Source data
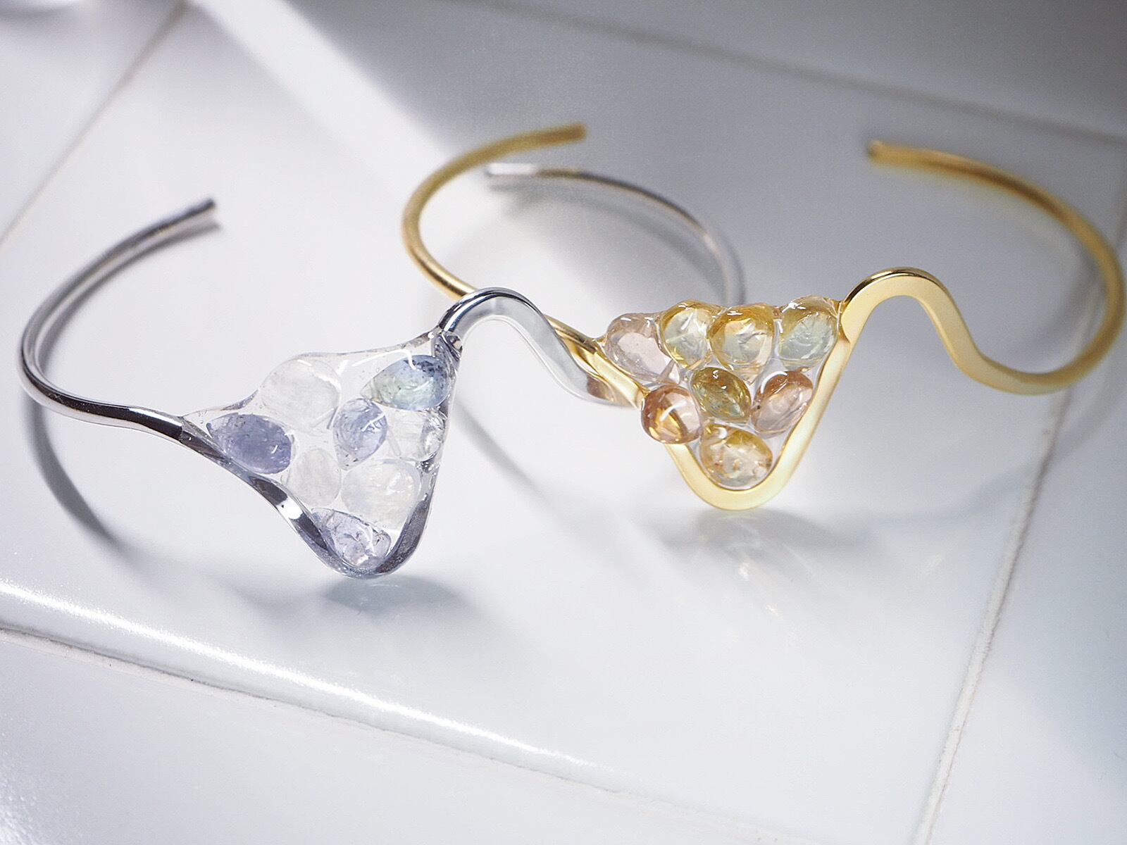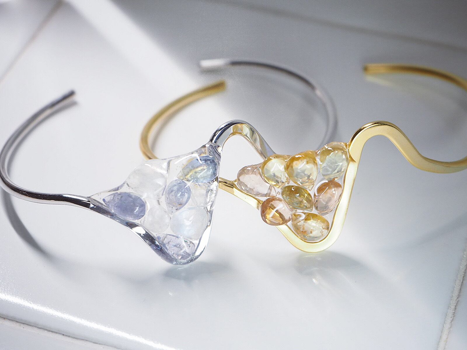 ※バングルを広げたり詰めたりというような調整はできません。無理に力を加えた場合、接着面が破損してしまう恐れがあります。取り扱いには十分にお気をつけください。
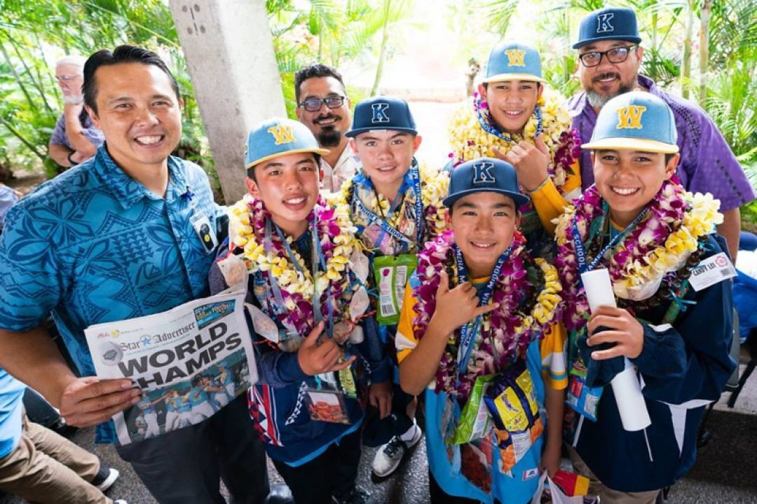 Five student-athletes from Kamehameha Schools Kapālama Middle School were honored this morning in Keawe Gym for their accomplishments as members of the 2018 Little League Baseball World Series Championship squad that brought home the hardware after defeating South Korea, 3-0, on Sunday.
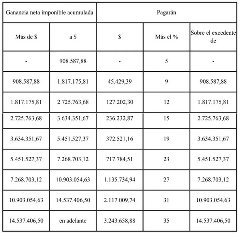 Según establece el texto, los trabajadores que ganen más de $908.587,88 netos quedarán alcanzados por el Impuesto a las Ganancias, con alícuotas progresivas de entre 5% y 35%.

Problem requirements
Print every line above once more, exactly. Omit the pictures.

Expected answer
 ※バングルを広げたり詰めたりというような調整はできません。無理に力を加えた場合、接着面が破損してしまう恐れがあります。取り扱いには十分にお気をつけください。
 Five student-athletes from Kamehameha Schools Kapālama Middle School were honored this morning in Keawe Gym for their accomplishments as members of the 2018 Little League Baseball World Series Championship squad that brought home the hardware after defeating South Korea, 3-0, on Sunday.
 Según establece el texto, los trabajadores que ganen más de $908.587,88 netos quedarán alcanzados por el Impuesto a las Ganancias, con alícuotas progresivas de entre 5% y 35%.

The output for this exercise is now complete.